Parameter Default Description
m 16 Maximum bidirectional links per node. Higher values improve recall but increase build time and memory.
ef_construction 200 Beam width during graph construction. Higher values improve graph quality but slow down builds.

The index can only be created on a VECTOR(n) column.

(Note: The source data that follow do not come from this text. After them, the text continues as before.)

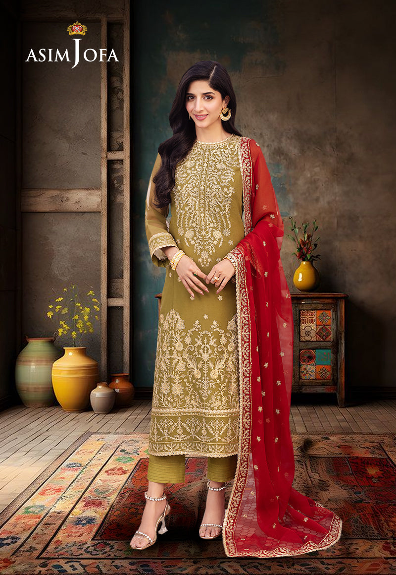 This design is an ode to the springtime with its fresh green color etched in gold zari, sequins & beige thread worked heavily together. The vibrant rust colored embellished chiffon dupatta adds a brilliant contrast making this design a must have for this season.
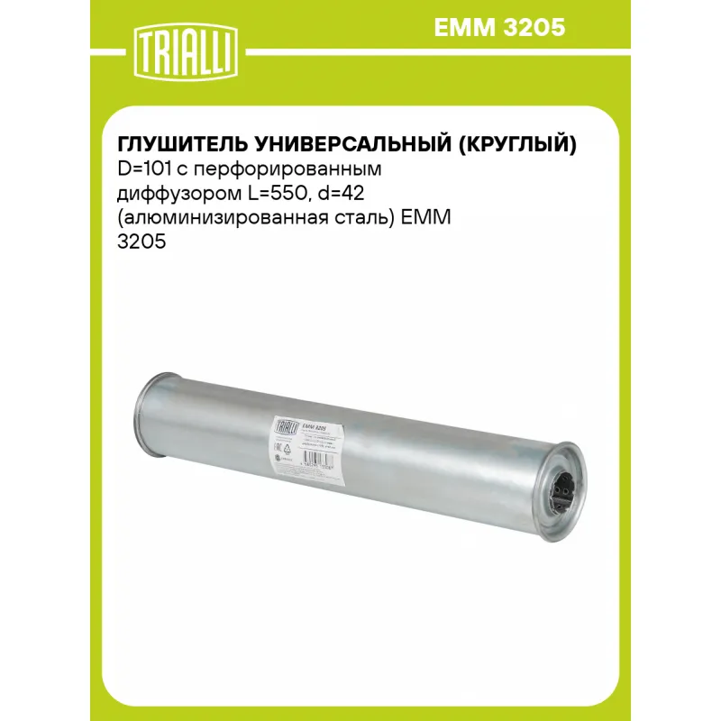 Глушитель универсальный (круглый) D=101 с перфорированным диффузором L=550, d=42 (алюминизированная сталь) Характеристики: Артикул: EMM 3205 OEM номера: 11180120002000, 2108-1202005, 21080120002081, 21080120002083, 21082-1200020, 21082120002000, 21144-1200020-00, 2170-1200020, 21700120002081, 21700120002083, 2170120002000, 2123-1200018-20, 21214-1200020-22, 21144-1200020, 21144120002081, 21144120002083, 21214-1200020-20, 21214-1200020-81, 21214120002083, 21082120002081, 21082120002083, 21082-120002001, 2110-1206010, 21084120002081, 21084120002083, 21313120002042 Гарантийный срок: 2 года/60 тыс. Количество на автомобиль: 1 Длина изделия (мм): 550 Особенности конструкции:: Шумопоглощающая набивка E-GLASS Форма изделия: Круг Диаметр корпуса D-1 (мм): 101 Диаметр трубы (мм): 42 Материал: Алюминизированная сталь Товарная линейка: BLACK Дополнительная информация: Этикетка изделия может отличаться от представленной на фото Комплектация: Глушитель универсальный - 1 шт Гарантия: от 1 года.
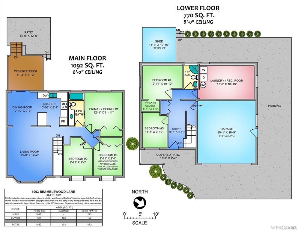 Spacious 1862 sq ft home on a quiet lane in a South Nanaimo family neighbourhood. This 5 bedroom home has all the space you need for a growing family at an affordable price. The main level has the open concept kitchen/dining area with access to the covered deck plus a large family room. 3 bedrooms on this floor including the primary bedroom with access to the main washroom through a cheater-door. Downstairs are two more bedrooms (one without a closet), extra large laundry room with chute from the upstairs bathroom. Double garage with extra storage and shelving. Outside features RV Parking, stone walls, mature plants, and fruit trees. Close to schools, parks, The new Quality foods and many more amenities. All data and measurements are approximate and should be verified by a buyer if deemed important.
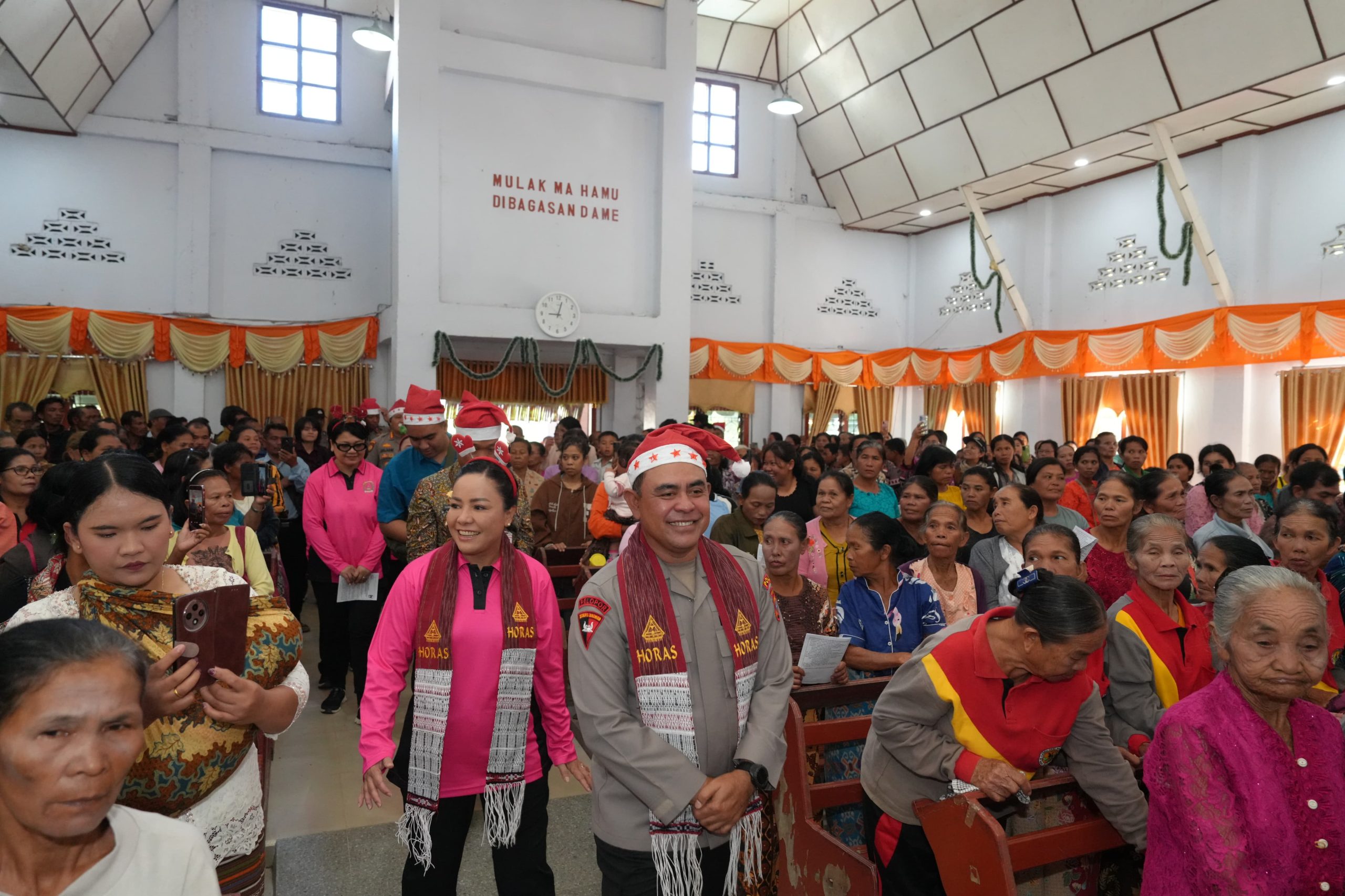 Usai ibadah Natal, Kapolda Sumut dan Ketua Bhayangkari menyerahkan bantuan sosial secara simbolis.
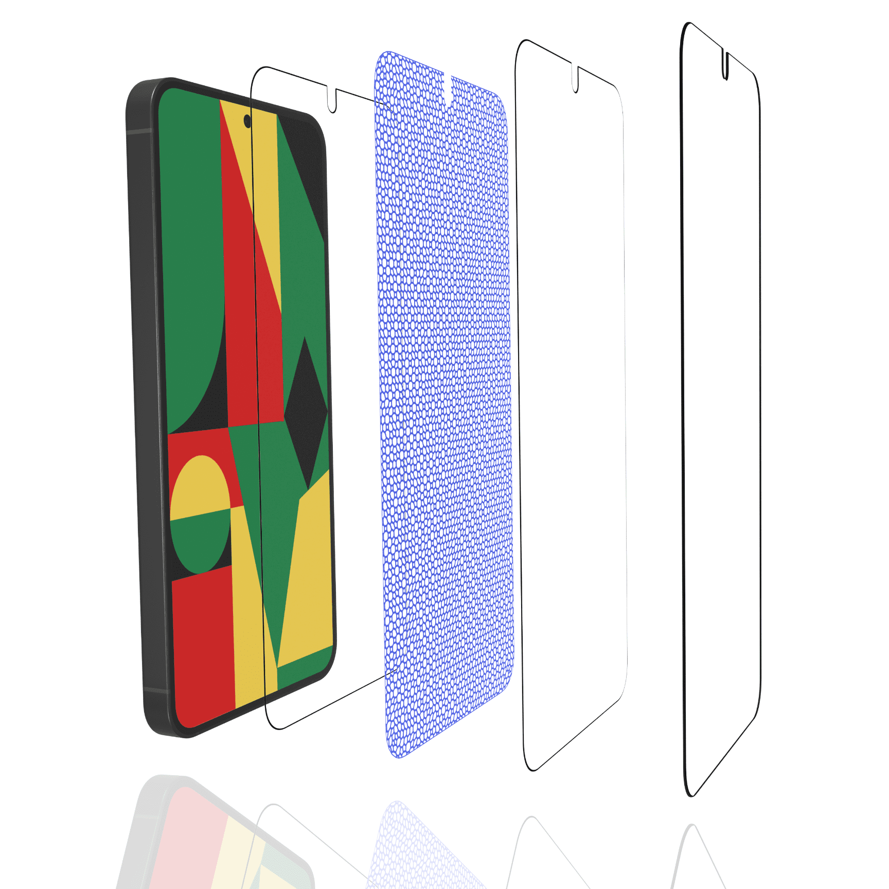- Plast za zaščito pred praskami – Ščiti zaslon pred praskami in ohranja njegovo jasnost. Kompozit „Matrix Flex“ – Ključ do naše inovacije. Ta plast omogoča, da se steklo
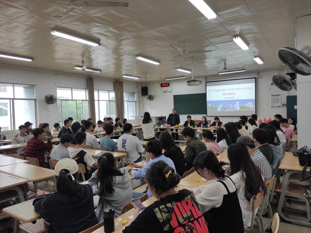 为深入贯彻“以学生为中心”的教育理念,扎实推进期中教学检查工作,理工学院于5月8日下午在至善楼1410教室举行了2022-2023学年春季学期期中教学检查师生座谈会。理工学院院长李红波、副院长刘亮龙、党总支副书记刘显林、教学秘书周芸伊、王凌璐以及各专业、班级的学习委员代表参加座谈会。
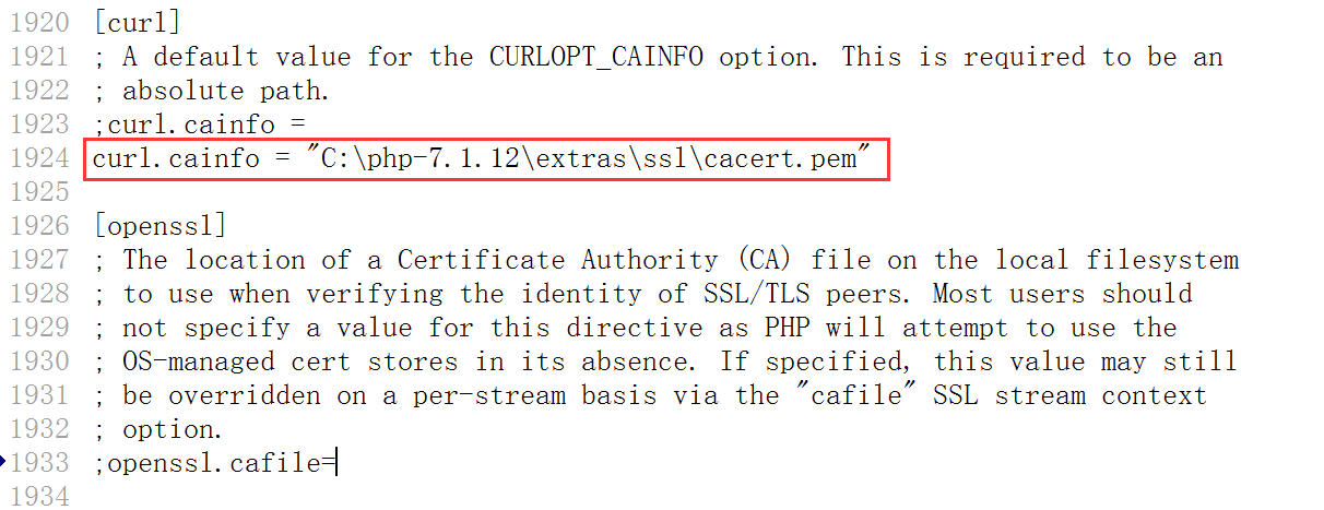 6、编辑 php.ini,修改 ;curl.cainfo = 为 curl.cainfo = “C:\php-7.1.12\extras\ssl\cacert.pem”,重启PHP,如图6
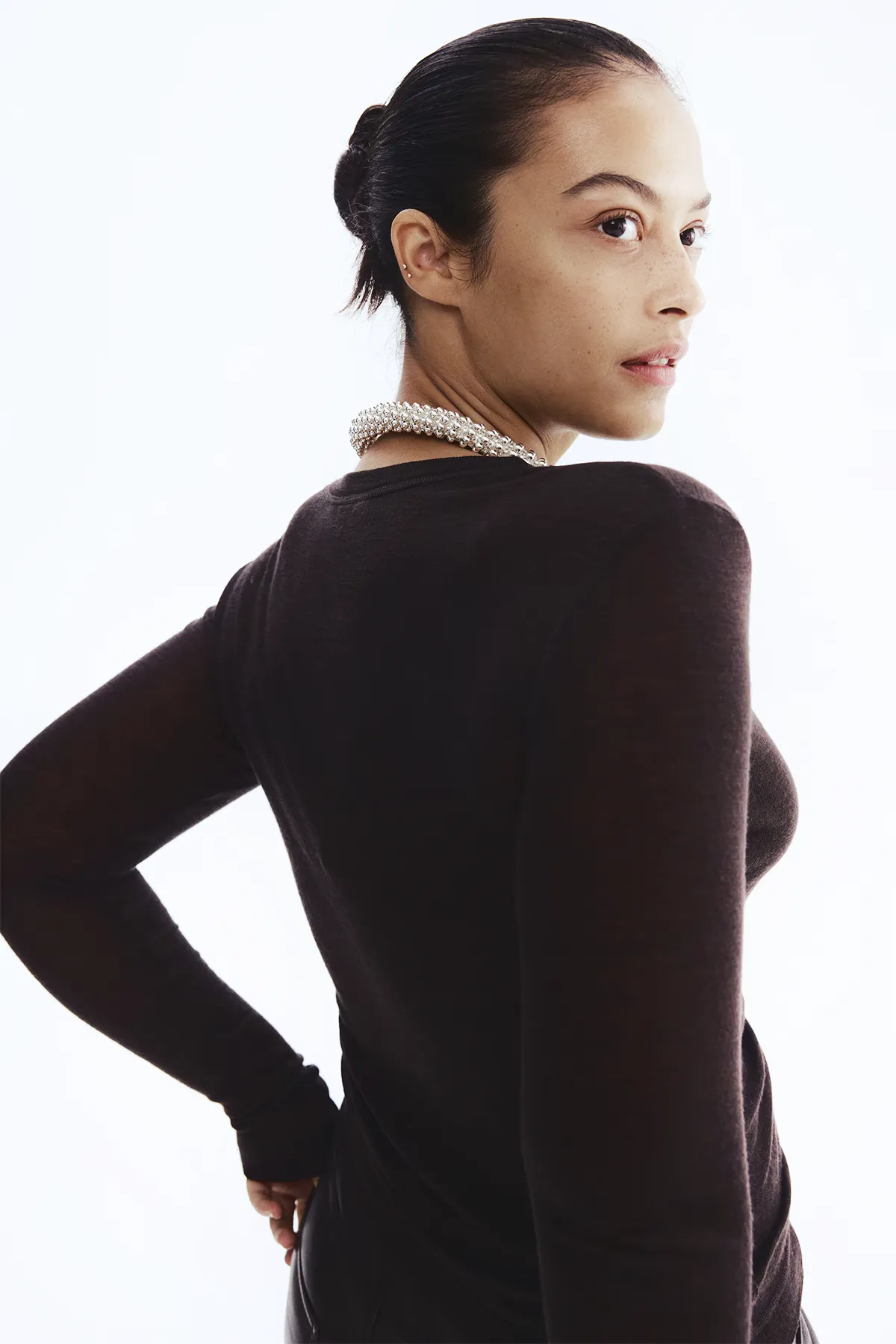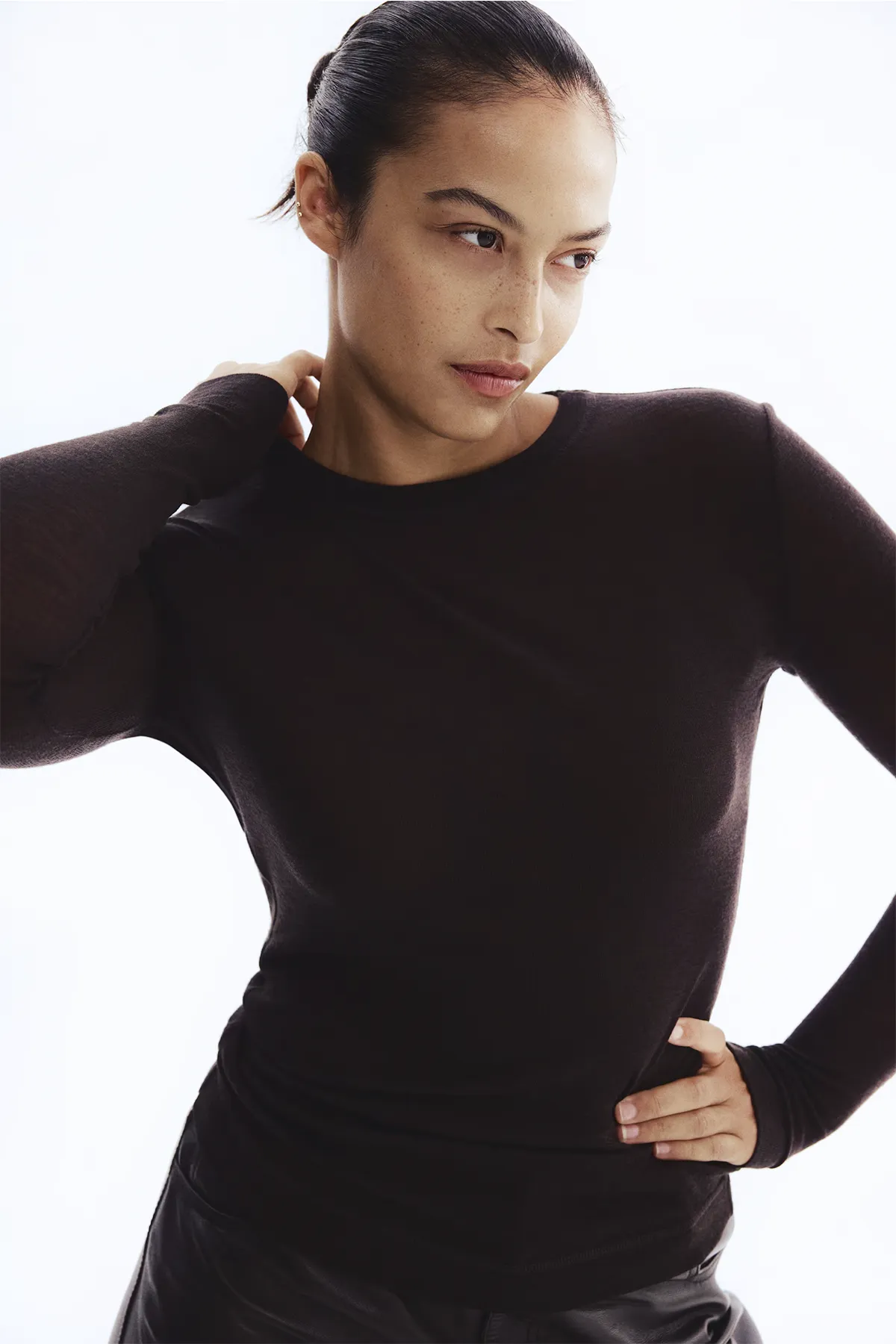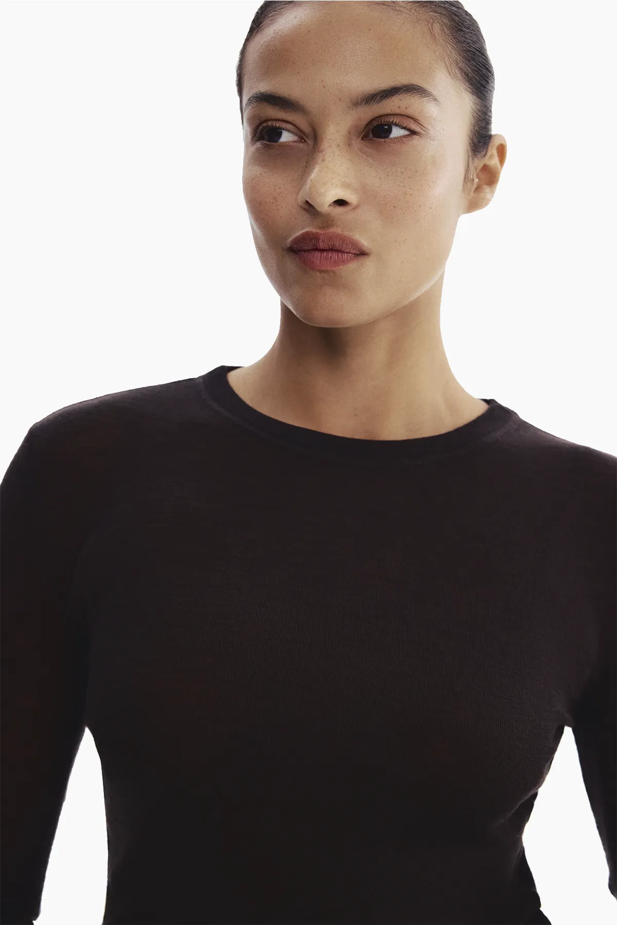 Облегающий шерстяной лонгслив из тонкого трикотажа с плоскими швами, предотвращающими натирание. Круглый ребристый вырез и удлиненные рукава.

Querying with vector distance

L2 (Euclidean) distance

SELECT id, body, VEC_L2(embedding, '[0.1, 0.2, 0.3]') AS dist
FROM documents
ORDER BY dist
LIMIT 5;

Cosine distance

SELECT id, body, VEC_COSINE(embedding, '[0.1, 0.2, 0.3]') AS dist
FROM documents
ORDER BY dist
LIMIT 5;

When the query planner detects ORDER BY VEC_L2(col, ?) LIMIT n or ORDER BY VEC_COSINE(col, ?) LIMIT n and an HNSW index exists on col, it performs an ANN search through the HNSW graph instead of scanning all rows:

EXPLAIN
SELECT id, VEC_L2(embedding, '[0.1, 0.2, 0.3]') AS dist
FROM documents
ORDER BY dist LIMIT 5;
-- op: HNSWSearch  index: idx_embedding

Full example

-- Create table
CREATE TABLE documents (
    id        INT8       PRIMARY KEY AUTOINCREMENT,
    body      TEXT       NOT NULL,
    embedding VECTOR(3)  NOT NULL
);

-- Create HNSW index
CREATE HNSW INDEX idx_docs_embedding ON documents (embedding)
    WITH (m = 16, ef_construction = 200);

-- Insert rows
INSERT INTO documents (body, embedding) VALUES
    ('hello world',     '[0.1, 0.2, 0.3]'),
    ('foo bar baz',     '[0.4, 0.5, 0.6]'),
    ('database engine', '[0.7, 0.8, 0.9]');

-- Find 2 nearest neighbours by L2 distance
SELECT id, body, VEC_L2(embedding, '[0.15, 0.25, 0.35]') AS dist
FROM documents
ORDER BY dist
LIMIT 2;

Inserting vectors

Vectors are passed as bracket-delimited strings or []float32 bind parameters:

// String literal
_, err = db.Exec(
    `INSERT INTO documents (body, embedding) VALUES (?, ?)`,
    "hello world", "[0.1, 0.2, 0.3]",
)

// []float32 bind parameter
vec := []float32{0.1, 0.2, 0.3}
_, err = db.Exec(
    `INSERT INTO documents (body, embedding) VALUES (?, ?)`,
    "hello world", vec,
)

Online DML maintenance

The HNSW index is kept up to date automatically:

  • INSERT — new vectors are added as nodes in the graph.
  • DELETE — deleted nodes are marked as tombstoned; they are excluded from search results and lazily reclaimed during compaction.
  • UPDATE — treated as delete + insert.

Dropping an HNSW index

DROP INDEX idx_docs_embedding;

Notes

  • The vector dimension n is fixed at table creation time. All inserted vectors must have exactly n components.
  • HNSW search is approximate — it may miss some true nearest neighbours in exchange for speed. Increasing ef_construction and m improves recall at the cost of build time and memory.
  • PRAGMA integrity_check verifies HNSW page structure and overflow page chains.
  • The HNSW graph is persisted across restarts and carried through VACUUM and encryption.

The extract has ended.